Problem:
Below is a listing with pictures in it; transcribe exactly the lines from the one that has "下部スペースには開き戸収納が" through the one that has "Genreszene mit Spielmann", and omit those pictures.

BEGIN Available data

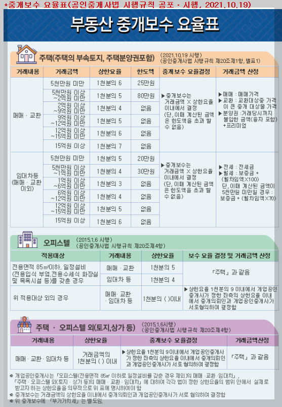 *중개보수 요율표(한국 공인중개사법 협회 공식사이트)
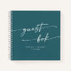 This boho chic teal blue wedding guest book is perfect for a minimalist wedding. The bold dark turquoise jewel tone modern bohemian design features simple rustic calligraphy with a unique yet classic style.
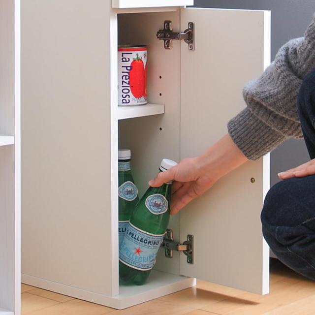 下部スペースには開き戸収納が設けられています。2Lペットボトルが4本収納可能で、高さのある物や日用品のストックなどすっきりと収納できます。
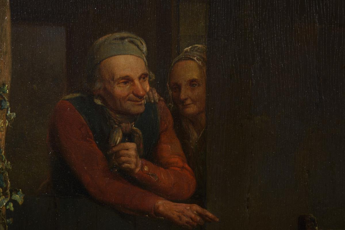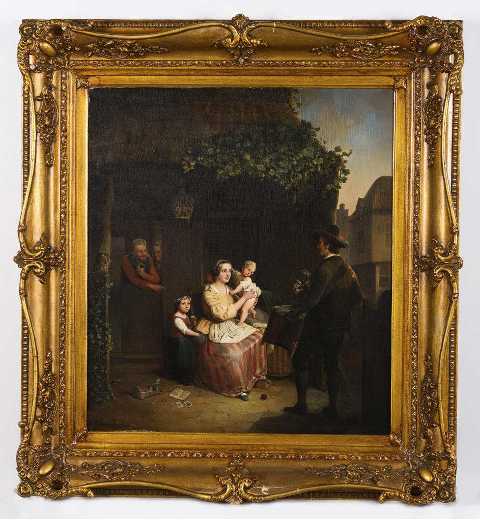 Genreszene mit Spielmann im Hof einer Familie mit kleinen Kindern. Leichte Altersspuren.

END Available data
BEGIN Available data

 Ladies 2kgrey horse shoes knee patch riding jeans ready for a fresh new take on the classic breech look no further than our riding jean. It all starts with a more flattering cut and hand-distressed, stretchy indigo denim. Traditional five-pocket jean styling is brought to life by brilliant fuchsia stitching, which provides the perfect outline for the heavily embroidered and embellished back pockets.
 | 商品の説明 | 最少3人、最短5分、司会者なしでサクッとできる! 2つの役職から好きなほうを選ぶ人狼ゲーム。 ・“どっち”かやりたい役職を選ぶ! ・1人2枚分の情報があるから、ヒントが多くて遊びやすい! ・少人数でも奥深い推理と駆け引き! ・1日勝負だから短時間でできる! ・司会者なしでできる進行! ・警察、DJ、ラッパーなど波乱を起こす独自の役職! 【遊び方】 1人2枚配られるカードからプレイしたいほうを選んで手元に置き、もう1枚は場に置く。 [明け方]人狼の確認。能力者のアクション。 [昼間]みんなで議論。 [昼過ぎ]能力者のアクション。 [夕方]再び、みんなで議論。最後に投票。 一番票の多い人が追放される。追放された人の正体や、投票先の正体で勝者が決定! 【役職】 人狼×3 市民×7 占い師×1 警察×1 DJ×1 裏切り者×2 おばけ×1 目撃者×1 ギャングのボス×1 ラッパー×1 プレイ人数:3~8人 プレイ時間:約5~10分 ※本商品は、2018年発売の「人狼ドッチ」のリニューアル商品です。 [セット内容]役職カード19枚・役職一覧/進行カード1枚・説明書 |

END Available data

Final answer:
 下部スペースには開き戸収納が設けられています。2Lペットボトルが4本収納可能で、高さのある物や日用品のストックなどすっきりと収納できます。
 Genreszene mit Spielmann im Hof einer Familie mit kleinen Kindern. Leichte Altersspuren.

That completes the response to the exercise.